Started three years ago by Edinburgh-based independent producer Barbara McKissack as ‘a sort of return match’ for the good time Scottish guests had at the 1991 Atlantic Film Festival’s first Scottish Perspectives program, the Sharing Stories event has become Europe’s largest coproduction conference and a recognized event on the crowded media calendar.
The aim is to bring filmmakers and television producers together with broadcasters and financiers to explore and establish links for coproductions with other countries.
The Sharing Stories conference is held alternately in Edinburgh and Glasgow. This year, from Nov. 11-13, 140 industry representatives from 13 countries met in Edinburgh.
European presenters included Simon Perry of British Screen, Liam Miller of rte (Irish Television), Stuart Cosgrove of Channel Four (Britain), Anna Glogowski of Canal + (France), Andrea Calderwood of BBC Scotland, Christoph Jorg of Arte (France) and representatives from Barclays Bank and the Royal Bank of Scotland.
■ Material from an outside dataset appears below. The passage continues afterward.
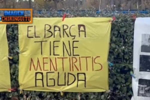 對于拉波爾塔的言論,皇馬球迷顯然有著不同的意見。在俱樂部訓練基地外,皇馬球迷打出了巴薩“撒謊成性”的橫幅。

Panels addressed finance and risk, control of rights, children’s television, feature film development, documentary co-production, the future of tv fiction and several case studies.
The first year, five independent Canadian producers, all from Nova Scotia, attended. This year, a group of 20 Canadians ensured representation on every panel, and included Jim Burt (cbc), Robert Morrice (The Royal Bank), Jan Rofekamp (Films Transit), Roman Bittman Nova Scotia Film Development Corporation) and independent producers Chris Zimmer (Imagex) and Annette Cohen.
The highlight event – as at any major industry gathering of this sort these days – was the pitching session, led for the second time by Pat Ferns.
Nova Scotia was still the largest contingent and is also ahead in terms of results.
Zimmer already has three projects on the go with Steve Clark Hall and Trevor Davis of Skyline/ Zenith, a British independent production company based in London and Edinburgh, a contact resulting from the first Sharing Stories event in 1992.
The Glace Bay Miner’s Museum starring Helena Bonham Carter is currently in post-production, and the team has two other projects in development: a feature, Love and Death on Long Island, and a tv special featuring Nova Scotia composer Scott McMillan’s Celtic Mass for the Sea, which will be performed and shot on location in Scotland.
In December, Hall will visit Nova Scotia to scout locations for a future project.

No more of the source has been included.